Further, there is no merit to the defendant's claim, that "missing and/or insufficient impeachment questionnaires for [] law enforcement officers and agencies involved in the investigation into this case" renders the People's claim of readiness illusory (Id. at 10). Applicable statute dictates that prosecutors must "make a diligent, good faith effort to ascertain the existence of material and information discoverable" and "cause such information to be made available for discovery where it exists but it is not within the prosecutor's possession, custody, or control" (CPL §§ 245.20[2]). This requirement extends to "[a]ll evidence and information, including that which is known to police or other law enforcement agencies acting on the government's behalf in the case, that tends to impeach the credibility of a testifying prosecution witness." (CPL §§245.20(1)(k)(iv)).

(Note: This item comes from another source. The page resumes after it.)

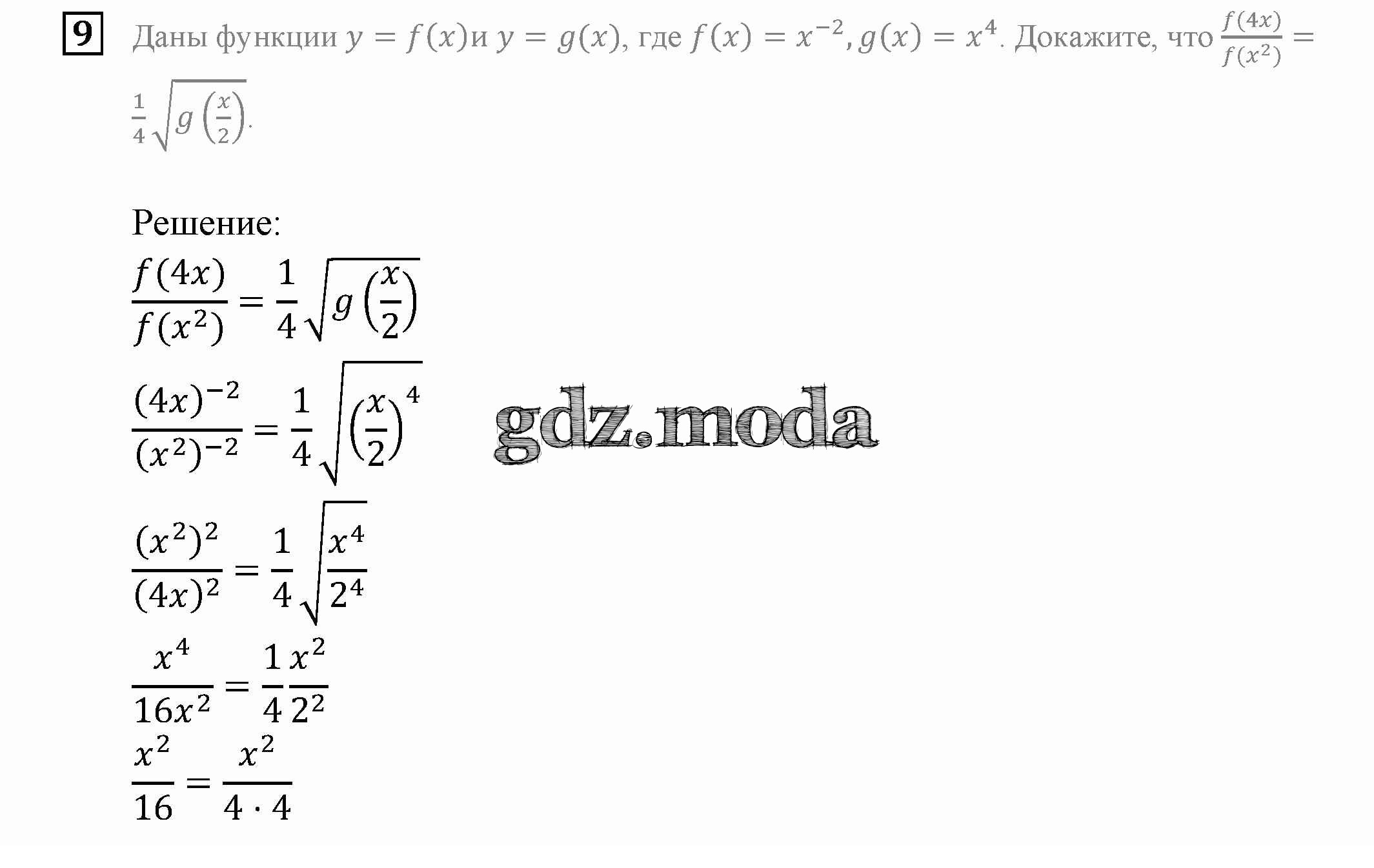 ОТВЕТ на задание № 9 Задачник по Алгебре 9 класс Мордкович

Here, the defendant does not claim the People actually possess any information or material that tends to impeach the credibility of a witness who will testify that has not been disclosed. Moreover, the record clearly reflects the People's efforts to secure the allegedly missing police personnel records were rebuffed (Affirmation in Opposition at 4-5). The People made additional efforts to obtain responses to their inquiries which provided futile (Id. at 5). Thereupon, the People filed a Supplemental Certificate of Compliance which includes a CPL §§245.20(1)(k)(4) addendum that specifically states: "the police witnesses have declined to answer impeachment questions" (see, Supplemental Certificate of Compliance). This court finds that, under the facts of this case, the People made an honest effort to comply with the automatic discovery requirements (see, People v. Bruni, 7 Misc.3d 913 [Albany Co. Ct. 2021]).

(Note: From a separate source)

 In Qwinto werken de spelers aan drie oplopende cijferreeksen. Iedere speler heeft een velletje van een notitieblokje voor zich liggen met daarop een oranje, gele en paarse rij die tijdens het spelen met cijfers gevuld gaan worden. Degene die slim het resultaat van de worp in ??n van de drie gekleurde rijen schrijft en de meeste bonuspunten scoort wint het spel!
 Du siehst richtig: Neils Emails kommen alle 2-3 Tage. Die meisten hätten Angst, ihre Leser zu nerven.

Consequently, although information which is arguably discoverable has not been disclosed, as this court finds the People have made "diligent and good faith efforts" which are reasonable under the circumstances, this court exercises its discretion to deem the People ready for trial, upon the filing of their Supplemental Certificate of Compliance (CPL §§245.50(3). Furthermore, as the defense has not demonstrated prejudice based upon the alleged failure to disclosure, no other sanction is appropriate at this time (CPL §§245.80). Nevertheless, in accordance with their continuing disclosure obligation, the People are directed, prior to trial, to make additional efforts to acquire any previously undisclosed CPL §§245.20(1)(k)(4) materials and to disclose same (CPL §245.60).
Upon the foregoing, the defendant's motion to dismiss is denied in all respects.
This constitutes the Decision, Order, and Judgement of the Court.